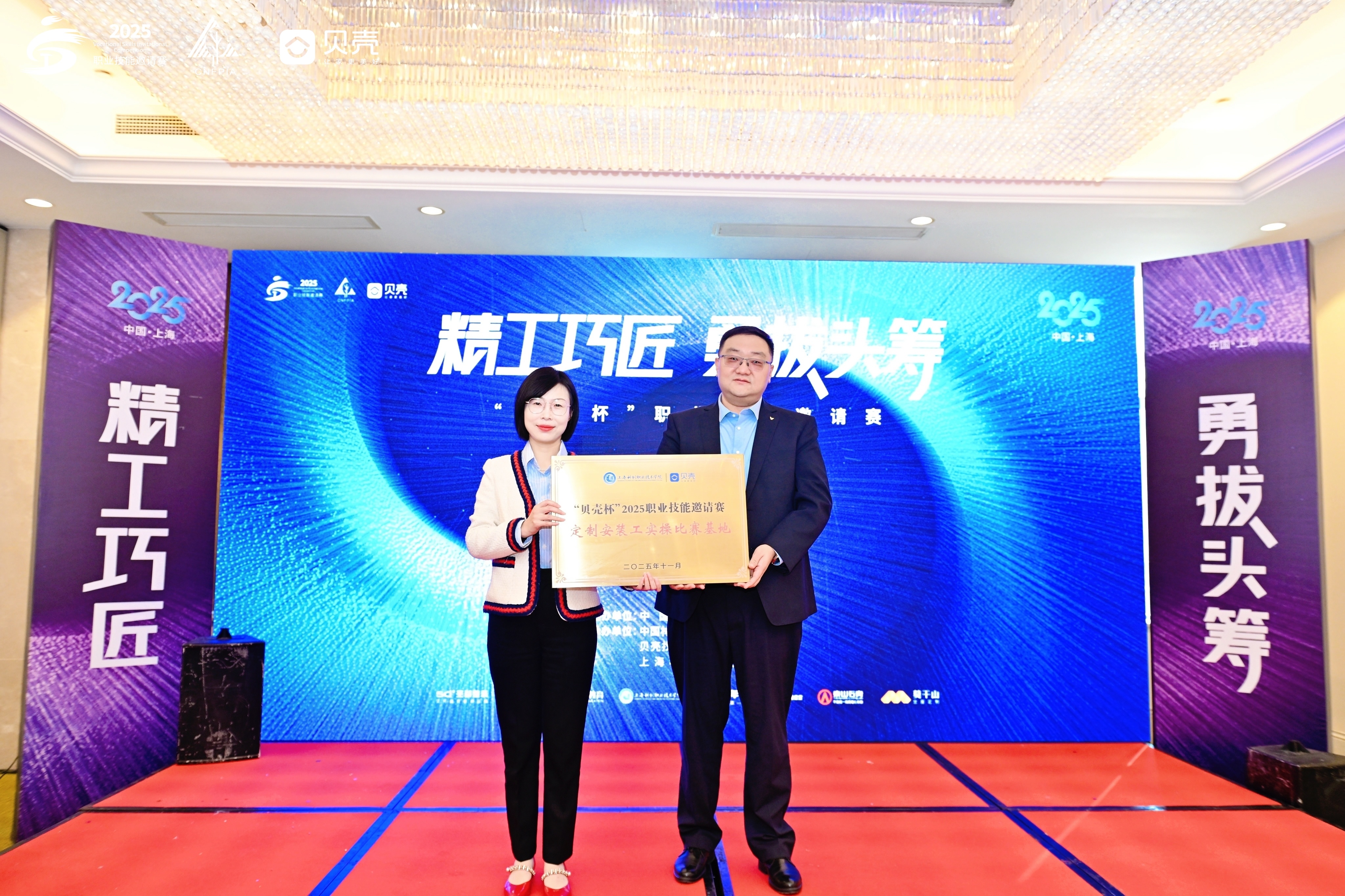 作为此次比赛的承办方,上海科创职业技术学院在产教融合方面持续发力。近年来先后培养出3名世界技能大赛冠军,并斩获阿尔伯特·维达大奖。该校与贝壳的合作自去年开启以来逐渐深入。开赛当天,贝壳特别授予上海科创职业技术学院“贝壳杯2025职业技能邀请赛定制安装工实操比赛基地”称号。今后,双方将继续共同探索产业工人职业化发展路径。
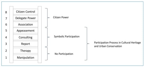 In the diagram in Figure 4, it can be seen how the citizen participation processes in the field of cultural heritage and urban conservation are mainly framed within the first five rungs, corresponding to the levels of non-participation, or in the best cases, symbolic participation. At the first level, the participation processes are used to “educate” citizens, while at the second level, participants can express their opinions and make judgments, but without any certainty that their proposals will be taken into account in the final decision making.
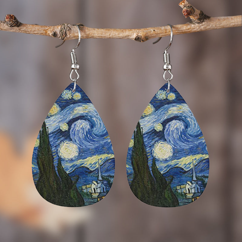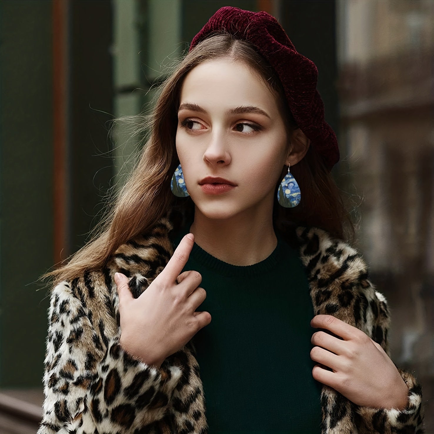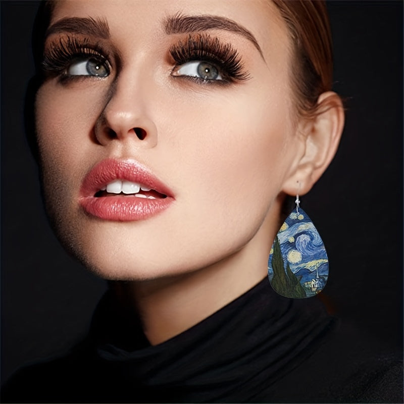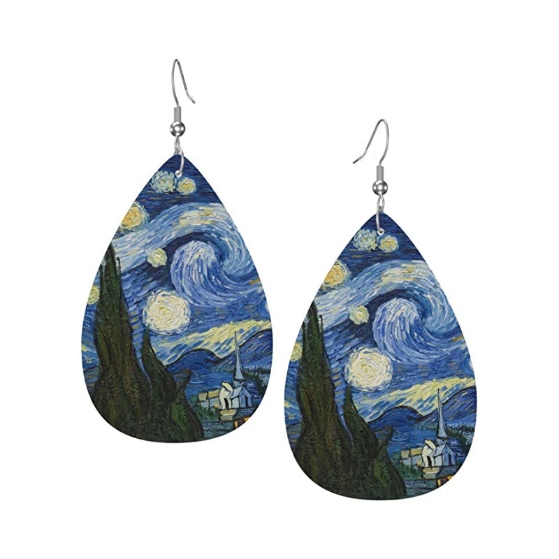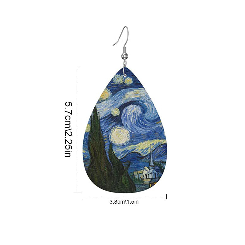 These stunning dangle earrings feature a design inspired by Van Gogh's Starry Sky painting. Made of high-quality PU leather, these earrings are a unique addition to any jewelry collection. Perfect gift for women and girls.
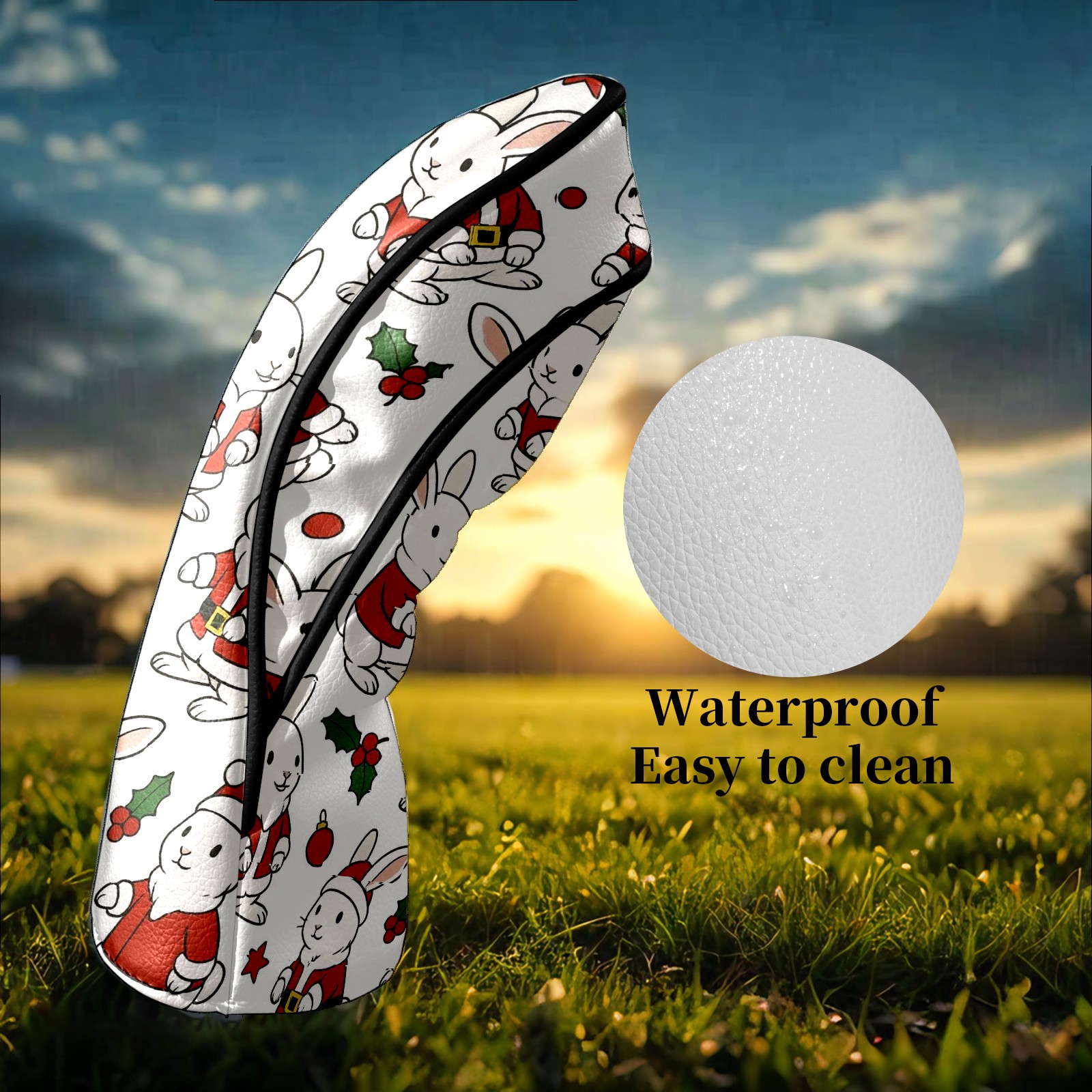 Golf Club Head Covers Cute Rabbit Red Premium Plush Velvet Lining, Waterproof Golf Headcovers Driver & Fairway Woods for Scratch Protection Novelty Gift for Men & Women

* * *

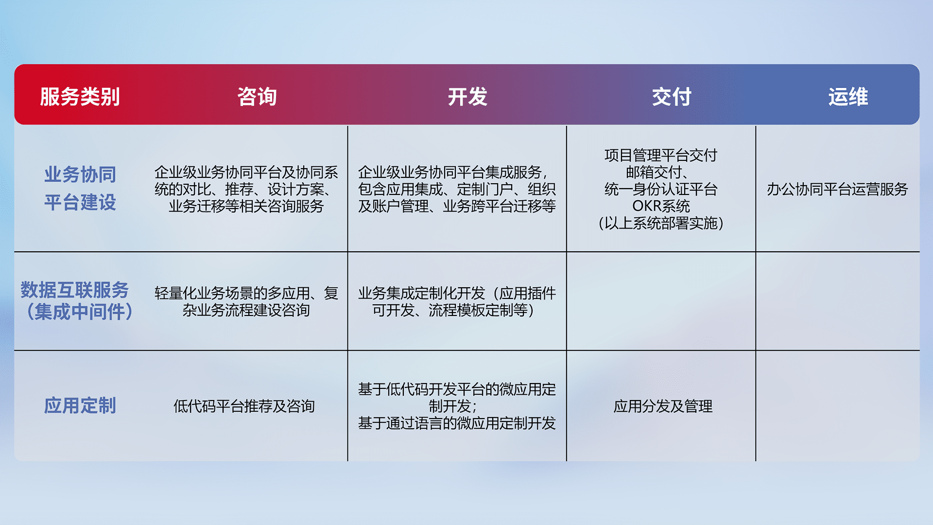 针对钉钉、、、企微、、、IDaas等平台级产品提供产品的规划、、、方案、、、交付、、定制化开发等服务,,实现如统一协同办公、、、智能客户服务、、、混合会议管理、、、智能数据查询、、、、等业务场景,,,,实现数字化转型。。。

• _Aim of the exercise_: Your answer should be the exact lines above from the one containing "In the diagram" through the one containing "Golf Club Head", with both end lines kept and the pictures removed, please.

• _Problem solution_:
 In the diagram in Figure 4, it can be seen how the citizen participation processes in the field of cultural heritage and urban conservation are mainly framed within the first five rungs, corresponding to the levels of non-participation, or in the best cases, symbolic participation. At the first level, the participation processes are used to “educate” citizens, while at the second level, participants can express their opinions and make judgments, but without any certainty that their proposals will be taken into account in the final decision making.
 These stunning dangle earrings feature a design inspired by Van Gogh's Starry Sky painting. Made of high-quality PU leather, these earrings are a unique addition to any jewelry collection. Perfect gift for women and girls.
 Golf Club Head Covers Cute Rabbit Red Premium Plush Velvet Lining, Waterproof Golf Headcovers Driver & Fairway Woods for Scratch Protection Novelty Gift for Men & Women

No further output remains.